I do remember, with fresh pain. The Judge was so pleased with himself: hiring a private investigator, producing new leads. He had engaged somebody fancy, he assured us, from out in Potomac, even in those days an exclusive little town. Somebody, said the Judge, who was highly recommended and very expensive. He seemed proud to be paying so much.
“Villard,” I murmur. “That was his name, wasn’t it? Something-or-other Villard.”
“That’s right.” Mariah smiles. “Jonathan Villard.” I shake my head, for I was half hoping she would correct me, telling me the PI’s name was really Scott. But my memory has no trouble supplying the rest of the story. When the Judge received the report, he came out of his funk, told the family that he was sure we would soon see the killer punished. That was what he always said, the killer. And then he settled back to wait. And wait. And wait. As despair settled in once more.
“The police never followed up his leads,” I say softly, as much to myself as to John or my sister. I am far behind her, still wondering what really happened to her ledger. First the scrapbook vanishes, then the ledger. A chilly breeze stirs the hedges. “Or, if they did, they never found anything.”
“Right,” says Mariah, congratulating a slow pupil on finally getting it. “But they had a copy of the report. So I called up Uncle Mal and talked to that woman, Meadows. I asked her if she could get a copy from the police files. She said it might take a while, because they would have to go look in the archives or something. Then she called me back a few days ago, and, guess what? The police don’t have a copy of the report either.”
“Curiouser and curiouser,” I admit. John might be a statue, for all his contribution to the conversation. Then a thought strikes me. “But I’ll bet you can get a
copy from Villard himself. He has to be around somewhere.”
Mariah seems almost gleeful. “I guess all you lawyers think alike. Meadows tried that, Tal, and—guess what?—Villard died of colon cancer fifteen years ago.”
The words escape me before I can think: “Are you sure?”
“Of course I’m sure, Tal, I’m not stupid. Meadows even got a copy of his medical records. He really was sick, and he really is dead.”
“Oh.” I am a bit deflated: until the cancer news, I was still ready to bet that Villard was another alias of Colin Scott. Then I brighten: “But even if he’s dead, his investigative files have to be somewhere . . . .”

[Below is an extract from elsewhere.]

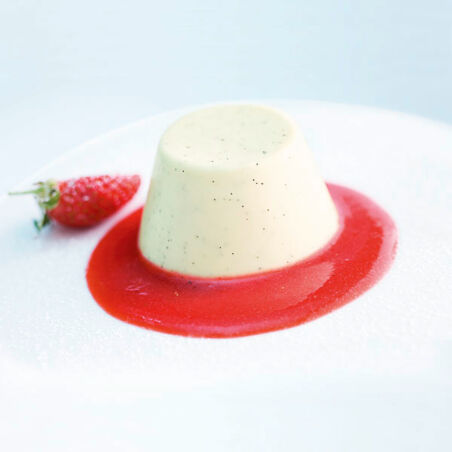 Die Förmchen kurz in heißes Wasser tauchen, die Panna cotta auf Teller stürzen und mit der Erdbeersauce umgießen. Mit den beiseitegelegten Erdbeeren garnieren und servieren.
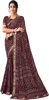 Fashion Women’s Chiffon Fancy Bandhani Printed Saree With Blouse Piece, Saree for Women, Sarees for Wedding (25802, Unstitched Blouse Piece)

“I’m sure they do, but nobody knows where. That’s my point. Now, look at this,” Mariah continues, like a lawyer building a case, or a magician pleasing a crowd. From another folder, she draws a couple of pages torn from a yellow legal pad. I immediately recognize my father’s cramped handwriting. She handles the papers carefully, as though worried they might ignite. “This is all I can find about the report,” she explains.
I scan the pages, which are creased as though folded several times. The ink is old and smeary; V’S REPORT is scribbled at the top, followed by a column of seemingly random notations: Virginia plate? . . . Must be front-end damage, V checked shops already . . . V says police work shoddy re paint etc . . . No ID driver, no ID passenger . . . I stop, go back, look at the last line again.
“Passenger?” I ask.
Mariah nods. “There was somebody else in the car that killed Abby. Interesting, huh?”
“The Judge never mentioned it,” I say distantly, remembering something else. “And neither did Mom.”
Mariah is excited now. “The notes were folded up in the back of one of his chess books. I guess whoever took the report didn’t know that.” I am about to ask which book, wondering about secret messages, but Mariah is already dealing the next card. “And look at this.” A manila envelope emerges from her briefcase. She hands it over. I open the flap and pull out a sheaf of check registers. A quick glance confirms what I have already guessed: they are from the period when the private detective was working on the case. “Look at it,” she instructs me.